On Friday, Summer and I passed a pizza place in Sheepshead Bay on our way back from the store. Wanting to get some Italian Ices, we went into the pizza place to find a family of four having dinner. One of the two children was a four or five year old boy who was – for lack of a better word – shrieking at the top of his lungs at a pitch that would make anyone’s ears bleed. Over and over again this child was shrieking – and each shriek was louder than the next. As I stared at this child – and tried to keep the blood from gushing out of my ears – I noticed that the parents of the child were simply carrying on a conversation and completely ignoring their child and his shrieks. And as I made my way out of the pizza place, which could not have been fast enough – the father of the child noticed my discomfort and actually had that gall to ask me if there was a problem. Yes there was a problem – his shrieking child that he did not have the decency to control in public.
If that little episode does not prove my point, then this one will. Today, my nephew Joey, Summer and myself went to the UA Theater to see Spider-Man 2. While the movie was great and worth seeing if you have not seen it – make sure you see it without the little child in my theater who was making weird noises throughout the entire two-hour and seven-minute movie. From the opening scene to the final credits, this child was making strange noises that I could not describe no matter how hard I tried. Despite the number of times I screamed “Shhh!” at the top of my lungs, no matter the fact that the child made the strange noises every five seconds throughout the entire movie – and despite the fact that I was not the only one upset by the child’s constant distractions – the parents of the child once again did not have the decency to remove him or her from the theater – and let everyone else enjoy the movie that they paid ten bucks to see.

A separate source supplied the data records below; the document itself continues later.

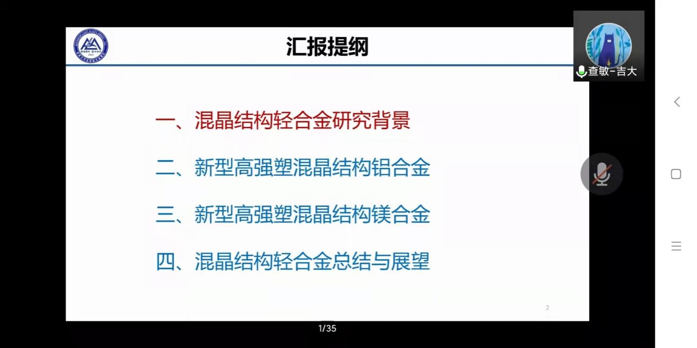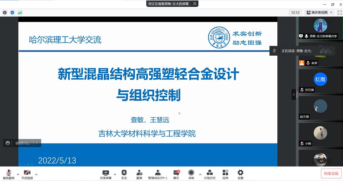 为活跃学院学术氛围,拓展师生的学术视野,材化学院筹划了“材化大讲堂”系列学术讲座活动。第二期讲座于2022年5月13日下午进行,邀请了吉林大学材料科学与工程学院博士生导师查敏教授作了题为“新型高强塑混晶结构轻合金设计与组织控制”的学术报告。讲座采用腾讯会议的形式进行,材化学院及其它院校师生共计175人参加了此次讲座,讲座由翁凌副院长主持。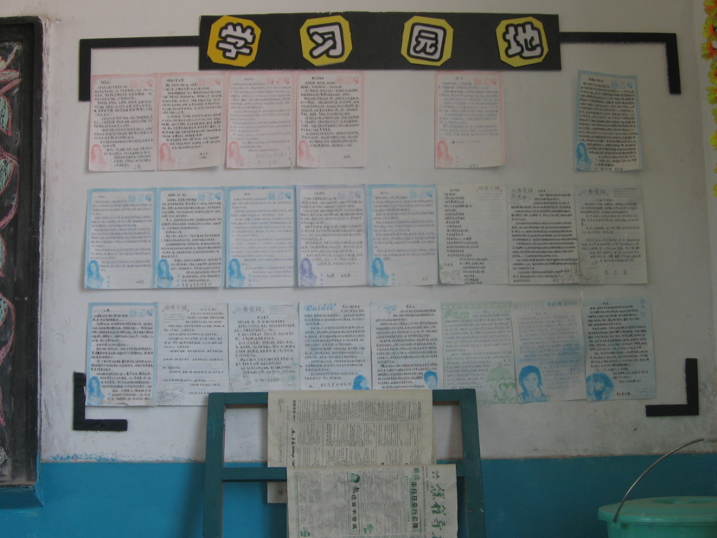 后黑板的俩侧是我们的学习园地,墙上贴着同学们酸甜苦辣的心声,和学校给我们的学习报。它的建立使我们时时刻刻都能吐出自己的心事,也让我们学会学习。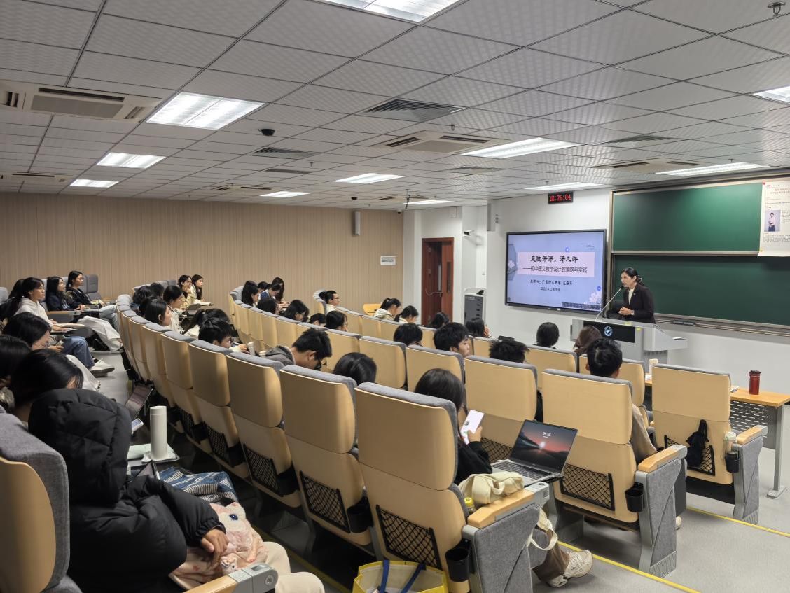 “名师面对面”系列讲座在文渊楼204成功举办。本次讲座以“初中语文教学设计的策略与实践”为主题,特邀省学术技术带头人、广东仲元中学优秀教师夏海芹担任主讲,丁之境教授主持,为汉语言文学专业的师范生带来了一场内容翔实、启发性强的教学盛宴。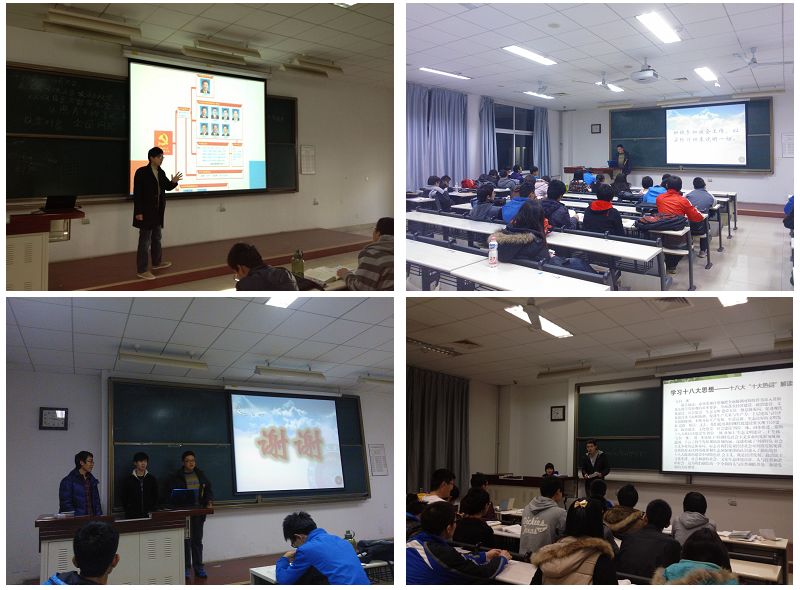 07111203、07111204、07111202、07111101团支部以集中学习的形式学习十八大精神。在学习过程中,各支部以“十八大”大会议程为主线,分别介绍了人民代表大会制度,党的十七届中央委员会报告,党的十八大中央委员会等内容。并且对十八大报告中关于青年学生、文化建设等部分进行了重点学习。学习过程中涌现出了一批理论知识丰富、口才好能力强的学生,很好的带动了大家的学习热情。

I am well aware that kids making noise is part of “kids being kids” – but am I being unreasonable when I ask that parents of children who cannot keep quiet in a public place take them outside until they calm down? If I had a child and I was at, say a restaurant and my child began crying or shrieking at the top of his or her lungs – I would pick up my child and take him or her outside so everyone else in the restaurant could enjoy their meal. I am not saying that children should be banned from society until they are eighteen years of age – I am just saying that anyone who is in a public place, no matter their age – should respect the other people in the public place with them – and that responsibility falls upon the parents of children that have difficulty keeping quiet in public.
I am sure that in some people’s eyes, this column makes me look like a child-hater, but I am not. I am simply someone who gets very annoyed when parents do not respect other people and allow their child to do whatever they want regardless of the other people around them. If having children is a person’s choice – than dealing with a person’s disruptive child should be too.